# Tile over Tile ??



## Piney

Greetings--

Small bathroom remodel (4x6ft floor only).

Original tile is set over concrete floor. After several wacks with a hammer and chiisel, we determined moving it is going to be a huge pain !!

Sooooooo-- How does one go about installing new tile over old tile ?

One tile store said they would put down a layer of material (thinset of some sort) to level the existing tile, filling in the existing grout lines. Then lay thinset and new tile over this new surface.

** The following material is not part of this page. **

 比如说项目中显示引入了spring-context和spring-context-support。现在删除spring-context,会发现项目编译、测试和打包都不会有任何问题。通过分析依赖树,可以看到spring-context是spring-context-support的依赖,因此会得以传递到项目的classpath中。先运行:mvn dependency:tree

Another store said they clean the existing tile, rough it with a sander, then just lay the new tile right over the old tile, with a slightly thicker layer of thinset (actually he used another term for a different setting material).

Comments ??


----------



## dougrus

Both suggestions are options...
First of all, you need to determine if it truly is a "concrete floor" the tile is set on...Is you house on a slab? If not then the floor you describe would be most likely a mortar bed, which may or may not be in good enough condition to tile over.
Second, although it is better not to tile over tile you can as long as you use good materials. Buy a GOOD modified thinset and either:

1. sand the surface of the old tile and lay the tile being sure to really "burn in" the thinset before you lay it with the flat side of thetrowel...in other words, make sure you get the thinset really well adhered onto the old tile, then "comb" a layer in with the notched side of the trowel. and then be sure to "backbutter" the tile before you set it....
2. "Skim coat" the original tile with thinset, let it cure, and then thinset and tile over that after...the point is to level off the surface for the tile...

I have done a couple tile over tile jobs...one in my house and one in my dads house...I just sanded the surface well and then just layed the tile...ALthough, If your floor is bumpy and has minor dips you can fill them with a skim coat.

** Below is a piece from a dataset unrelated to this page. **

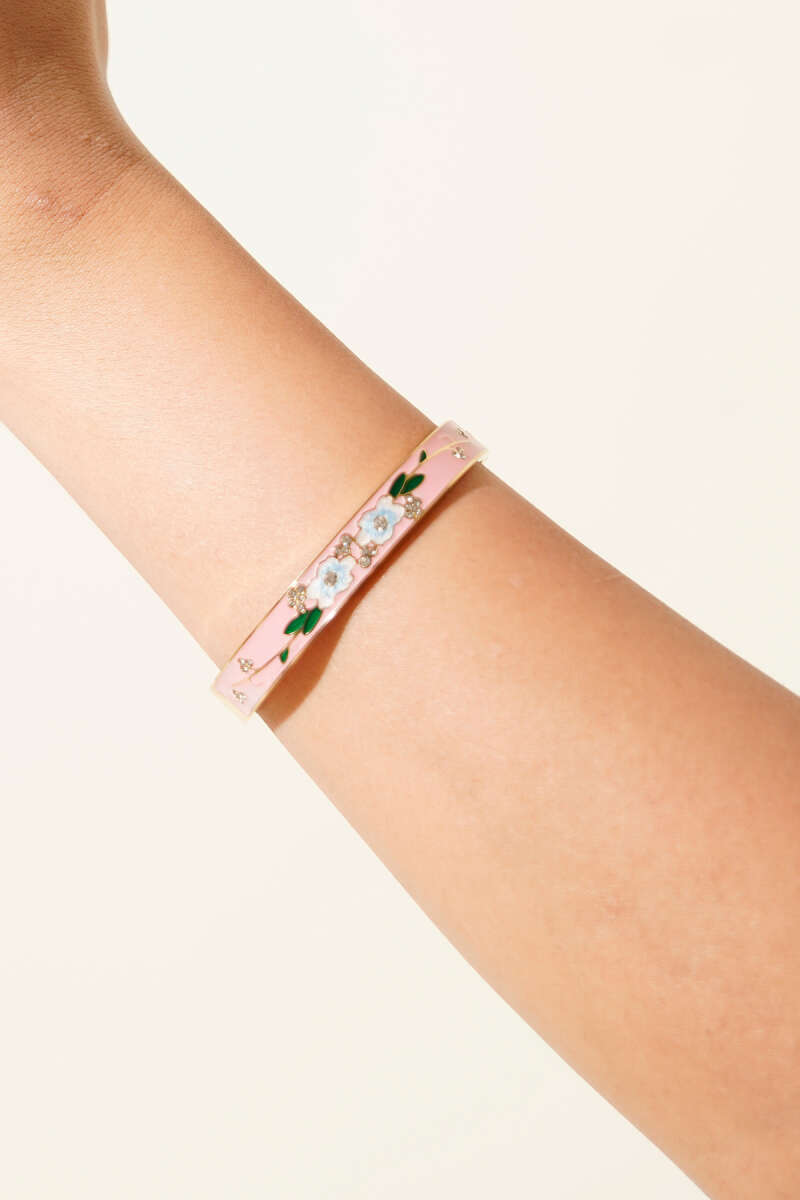 Çiçek Motifli Kelepçe Bilezik Pembe

BY THE WAY....NEVER USE SO CALLED PRE-MIXED THINSET OR MASTIC TO SET FLOOR TILE. No matter what a home shmeepo worker says.

Hope that helps....


----------



## J187

Piney, I very recently tiled over the old tile in bathroom. Two things to definitley consider

1. is the existing tile in good shape, are in any tiles loose?
2. how will the new height effect the room, ie you will probably need to extend the closet flange for the toilet, maybe cut the bottom of doors, raise vanities, and account for a new height difference at the transition point between the room and the hall.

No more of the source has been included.